— Work item —
Reproduce every entry below precisely; do not include the pictures.

====

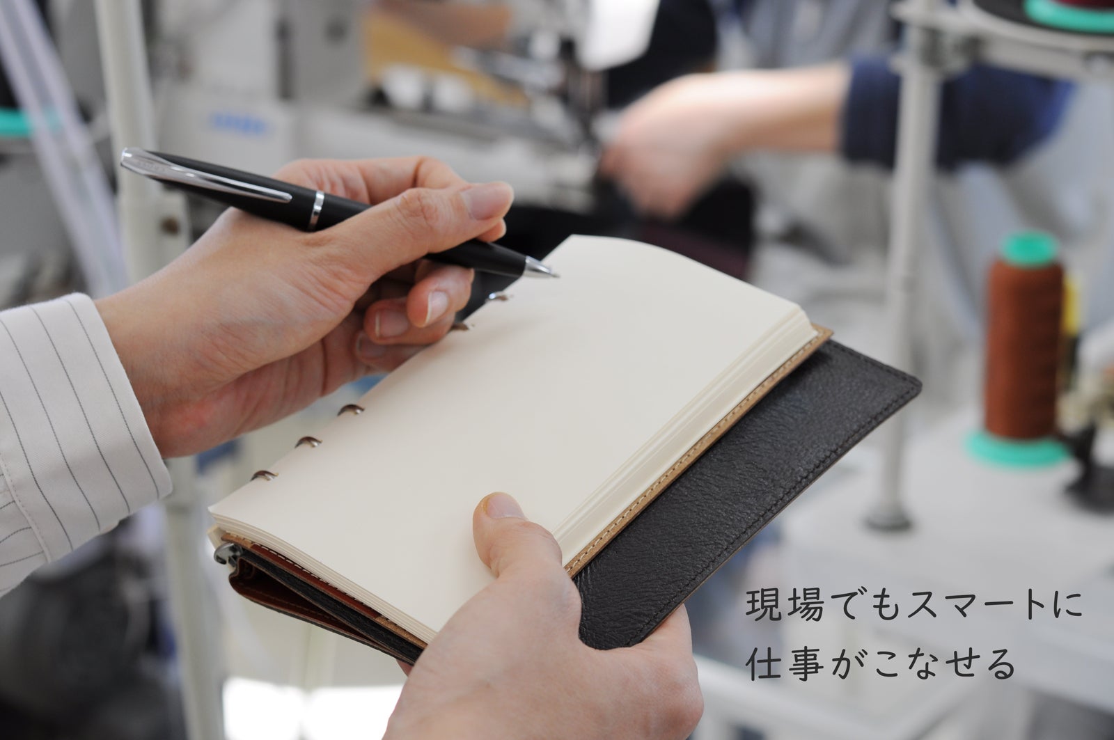 YOSHINAは、より長くお使い頂くことと書きやすさのために、革の間に強度の強い紙芯を貼り合わせています。そのため、手帳の形が崩れにくいほか、折り返した状態で使用する時も、下敷きの効果を発揮し、デスクの上と同じ書き心地が保てます。
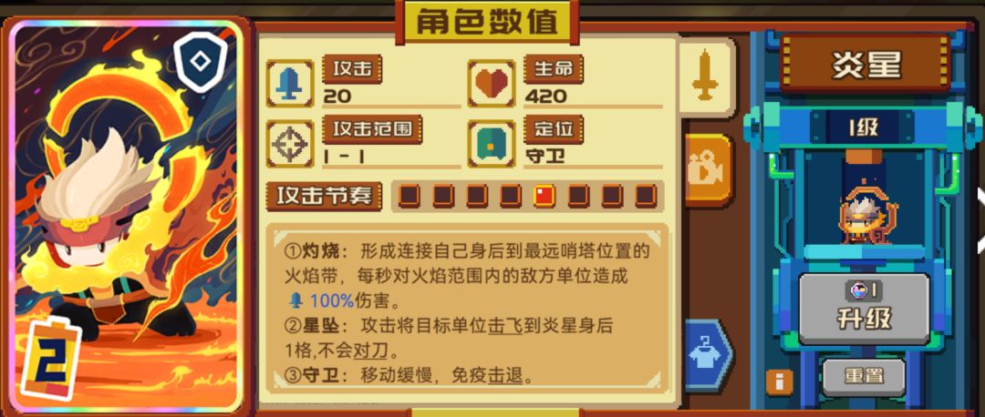 后撤步加上较早的攻击节奏,击剑手可以白嫖绝大多数的近战角色,还能克制新的传奇卡炎星,在单防的情况下有很好的发挥。但后撤步需要一格的空间,如果位置被挤占了,核心技能就失效了。并且就算触发了决斗,本身身板依旧不算硬,如果对方有跟远程兵也会很容易被解决掉,后撤步只有一格也会害怕枪士或近卫这种两格范围的近战兵种。由于后撤步躲避攻击,塔下防御的时候是没办法保护哨塔的。
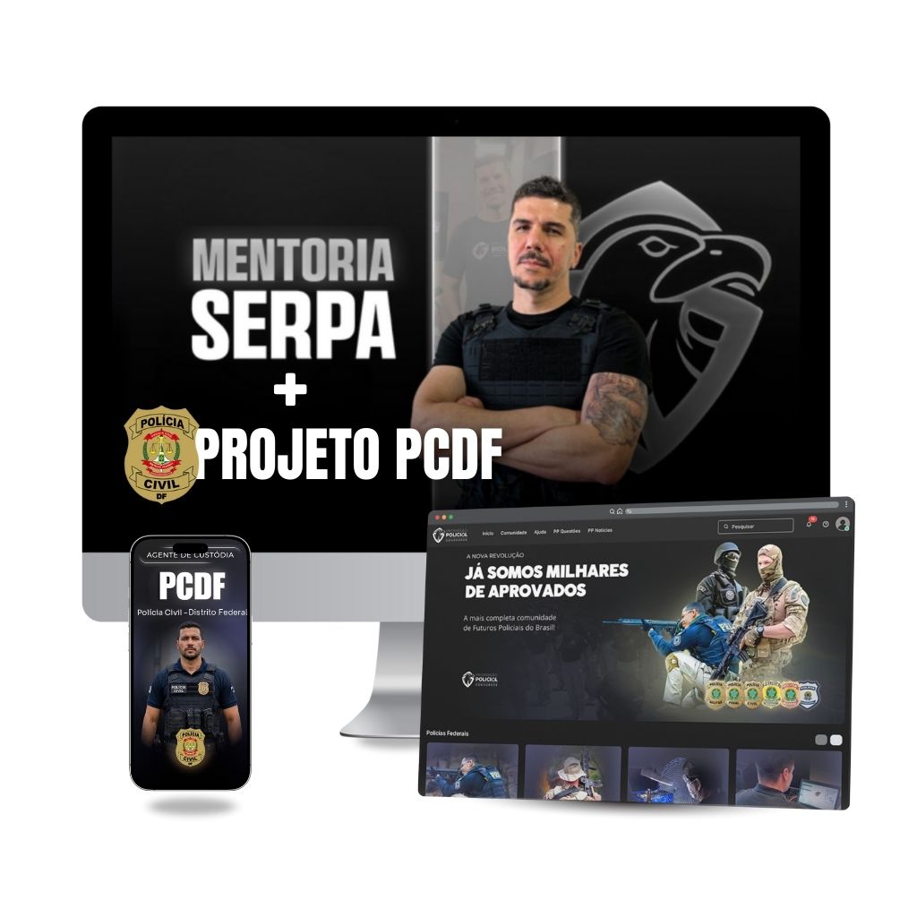 Já a Mentoria Serpa é a maior plataforma de plano de estudos personalizados para quem quer ser policial! É a mentoria que te fará estudar da forma correta para o seu concurso policial e te guiará do zero até a aprovação, mesmo que nunca tenha feito concursos na vida!
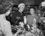 Mrs. J. A. Johnson, left, and Mrs. J. R. Jameson, chaplain, of the Fire Fighters Auxiliary, made a child happy with this Easter Basket. Published in Fort Worth Star-Telegram, morning edition March 25, 1951.
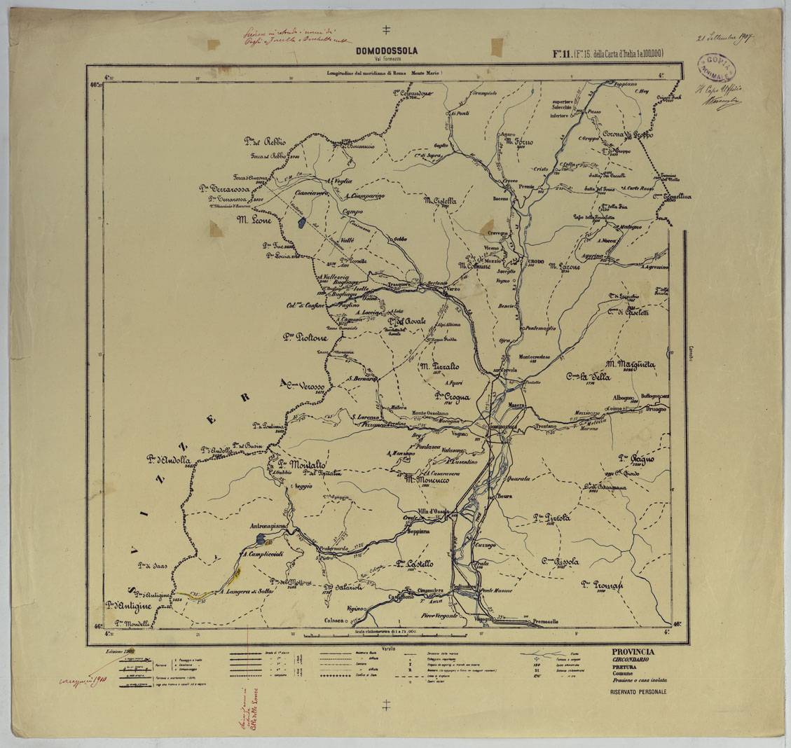 CARTA ITINERARIA D'ITALIA PER GLI ALPINI NORMALI D'ARCHIVIO CON AGGIORNAMENTO FINO AL 1910 EDIZIONE COMPLETA ANNO 1910 - FOGLIO 11 DOMODOSSOLA.
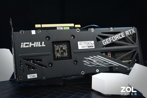 映众GeForce RTX 3060冰龙超级版显卡的背板尾部采用镂空设计,配合一体式的背板可以让热风迅速穿透散热鳍片以及背板,令显卡温度进一步下降,另外在背板靠近芯片部位也有散热孔设计,以便发热严重的元件能快速散热。

====

— Response —
 YOSHINAは、より長くお使い頂くことと書きやすさのために、革の間に強度の強い紙芯を貼り合わせています。そのため、手帳の形が崩れにくいほか、折り返した状態で使用する時も、下敷きの効果を発揮し、デスクの上と同じ書き心地が保てます。
 后撤步加上较早的攻击节奏,击剑手可以白嫖绝大多数的近战角色,还能克制新的传奇卡炎星,在单防的情况下有很好的发挥。但后撤步需要一格的空间,如果位置被挤占了,核心技能就失效了。并且就算触发了决斗,本身身板依旧不算硬,如果对方有跟远程兵也会很容易被解决掉,后撤步只有一格也会害怕枪士或近卫这种两格范围的近战兵种。由于后撤步躲避攻击,塔下防御的时候是没办法保护哨塔的。
 Já a Mentoria Serpa é a maior plataforma de plano de estudos personalizados para quem quer ser policial! É a mentoria que te fará estudar da forma correta para o seu concurso policial e te guiará do zero até a aprovação, mesmo que nunca tenha feito concursos na vida!
 Mrs. J. A. Johnson, left, and Mrs. J. R. Jameson, chaplain, of the Fire Fighters Auxiliary, made a child happy with this Easter Basket. Published in Fort Worth Star-Telegram, morning edition March 25, 1951.
 CARTA ITINERARIA D'ITALIA PER GLI ALPINI NORMALI D'ARCHIVIO CON AGGIORNAMENTO FINO AL 1910 EDIZIONE COMPLETA ANNO 1910 - FOGLIO 11 DOMODOSSOLA.
 映众GeForce RTX 3060冰龙超级版显卡的背板尾部采用镂空设计,配合一体式的背板可以让热风迅速穿透散热鳍片以及背板,令显卡温度进一步下降,另外在背板靠近芯片部位也有散热孔设计,以便发热严重的元件能快速散热。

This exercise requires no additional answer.